JuliaLang / Distributed.jl

Create and control multiple Julia processes remotely for distributed computing. Ships as a Julia stdlib.
https://docs.julialang.org/en/v1/stdlib/Distributed/
MIT License
23 stars 9 forks source link

`Distributed.send_msg()` silently drops messages containing methods not defined on workers #58

Open staticfloat opened 5 years ago

staticfloat commented 5 years ago

Example:

using Distributed
import Distributed: worker_from_id, MsgHeader, RemoteDoMsg, send_msg
w = worker_from_id(addprocs(1)[1])

# Put `@everwhere` before this to get it to work
print_message(args...) = println(args...)

# This works
send_msg(w, MsgHeader(), RemoteDoMsg(println, ("hello!",), ()))

# This doesn't
send_msg(w, MsgHeader(), RemoteDoMsg(print_message, ("hello!",), ()))

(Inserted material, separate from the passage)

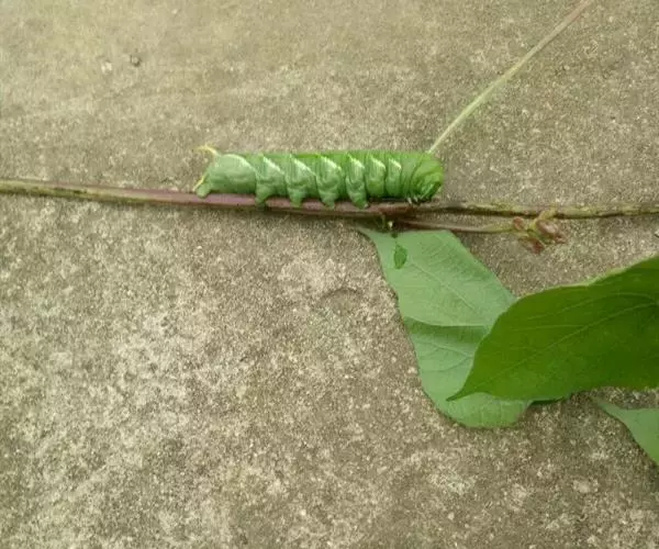 刚孵化的幼虫长6.9mm,淡绿色,在尾端具有一只大的脚,较大的幼虫长达76.2或101.6mm,亮绿色。烟草天蛾幼虫身体的两侧各有七条白色斜纹,并有一只红色的弯脚,臀背具尾角一个。蛹长约50mm,宽18mm,红褐色。头部口器明显突出,略呈钩状,喙与蛹体紧贴,末端露出。5~7腹节的气孔前方各有一气孔沟,当腹节活动时可因摩擦而微微发出声响。

If you put @everywhere before the definition of print_message then everything works; but if you don't, there is no error; the worker just silently ignores it. I would expect an error to tell me what went wrong. I'm not sure at what point things are going wrong; it does not appear to be a runtime error, as this occurs even when I am sending a message to call a function that is defined, but it is supposed to invoke a callback that may not be defined. Example:

using Distributed
import Distributed: worker_from_id, MsgHeader, RemoteDoMsg, send_msg
w = worker_from_id(addprocs(1)[1])

@everywhere function do_work(callback, args...)
    @info("Within do_work!")
    callback(args...)
end

# Put `@everwhere` before this to get it to work
print_message(args...) = println(args...)

# This works
send_msg(w, MsgHeader(), RemoteDoMsg(do_work, (println, "hello!",), ()))

# This doesn't
send_msg(w, MsgHeader(), RemoteDoMsg(do_work, (print_message, "hello!",), ()))

Notice how the "Within do_work" message is not emitted in the second case. My best guess is that something in the serialization code is throwing an error and that error is getting swallowed, but I haven't had time to debug this fully.

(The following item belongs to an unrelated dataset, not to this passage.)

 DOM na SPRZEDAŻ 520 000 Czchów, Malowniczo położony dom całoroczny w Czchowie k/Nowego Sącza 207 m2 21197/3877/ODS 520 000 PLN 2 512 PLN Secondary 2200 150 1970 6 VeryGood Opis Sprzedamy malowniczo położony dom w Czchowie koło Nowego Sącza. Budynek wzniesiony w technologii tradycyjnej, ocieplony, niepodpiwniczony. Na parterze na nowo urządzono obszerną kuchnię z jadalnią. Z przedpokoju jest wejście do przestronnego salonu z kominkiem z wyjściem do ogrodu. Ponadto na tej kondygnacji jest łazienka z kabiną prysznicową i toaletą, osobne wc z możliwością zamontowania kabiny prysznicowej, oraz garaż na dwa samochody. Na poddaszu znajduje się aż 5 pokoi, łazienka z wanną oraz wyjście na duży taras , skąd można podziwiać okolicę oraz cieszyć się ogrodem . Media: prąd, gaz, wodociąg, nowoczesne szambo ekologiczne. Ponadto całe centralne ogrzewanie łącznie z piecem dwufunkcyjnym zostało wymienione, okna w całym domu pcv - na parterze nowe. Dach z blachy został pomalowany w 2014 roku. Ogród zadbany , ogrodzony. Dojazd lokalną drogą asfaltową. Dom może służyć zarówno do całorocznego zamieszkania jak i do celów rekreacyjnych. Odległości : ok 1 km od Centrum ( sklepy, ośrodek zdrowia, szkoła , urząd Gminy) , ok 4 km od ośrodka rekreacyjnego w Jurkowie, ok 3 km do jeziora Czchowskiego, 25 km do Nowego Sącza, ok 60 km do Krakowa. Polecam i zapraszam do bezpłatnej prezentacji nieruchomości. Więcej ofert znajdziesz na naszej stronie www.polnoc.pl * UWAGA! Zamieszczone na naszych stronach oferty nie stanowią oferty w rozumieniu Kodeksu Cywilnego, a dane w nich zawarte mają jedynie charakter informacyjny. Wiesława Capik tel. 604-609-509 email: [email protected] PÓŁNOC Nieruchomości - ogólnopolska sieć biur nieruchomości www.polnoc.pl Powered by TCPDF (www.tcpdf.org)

affans commented 5 years ago

My related? issue here: https://github.com/JuliaLang/julia/issues/30558 In my case, the error was that Julia versions were different from head node and compute nodes which the error message correctly identifies, but what's printed on screen (and stdout) is vastly different.

staticfloat commented 5 years ago

In this case the versions of Julia are the same, so I don’t think these two issues are related.

affans commented 5 years ago

I should really edit that issue. I was trying to highlight that the error I was supposed to be seeing error("Version read failed. Connection closed by peer.") was getting swallowed somewhere in the sequence of syncs and asyncs … which by the time I saw the error was completely uninformative to the actual issue.

Reading your issue again, it does seem its not related. But from discourse discussions, it does seem that Distributed has a few of these of "disappearing" problems.

amitmurthy commented 5 years ago

This is because remote_do does not return any response to the caller. In your example above:

remotecall will result in an error when the response is fetched unlike in the case of remote_do.

julia> fetch(remotecall(print_message, 2, ("dd",)))
ERROR: On worker 2:
UndefVarError: #print_message not defined
deserialize_datatype at /Users/amitm/Julia/julia/usr/share/julia/stdlib/v1.1/Serialization/src/Serialization.jl:1051
handle_deserialize at /Users/amitm/Julia/julia/usr/share/julia/stdlib/v1.1/Serialization/src/Serialization.jl:743
deserialize at /Users/amitm/Julia/julia/usr/share/julia/stdlib/v1.1/Serialization/src/Serialization.jl:703

Regular errors in the case of remote_do are printed to stderr as mentioned in the doc - https://docs.julialang.org/en/v1/stdlib/Distributed/#Distributed.remote_do-Tuple{Any,Integer,Vararg{Any,N}%20where%20N} .

julia> remote_do(()->error("dd"), 2)
Any[]

julia>       From worker 2: dd
      From worker 2:    error(::String) at ./error.jl:33
      From worker 2:    (::getfield(Serialization.__deserialized_types__, Symbol("##29#30")))() at ./REPL[97]:1
      From worker 2:    (::getfield(Distributed, Symbol("##120#122")){Distributed.RemoteDoMsg})() at /Users/amitm/Julia/julia/usr/share/julia/stdlib/v1.1/Distributed/src/process_messages.jl:313
      From worker 2:    run_work_thunk(::getfield(Distributed, Symbol("##120#122")){Distributed.RemoteDoMsg}, ::Bool) at /Users/amitm/Julia/julia/usr/share/julia/stdlib/v1.1/Distributed/src/process_messages.jl:79

However, it appears that deserialization errors are not being printed to stderr for remote_do. It should have the same behavior as for regular errors.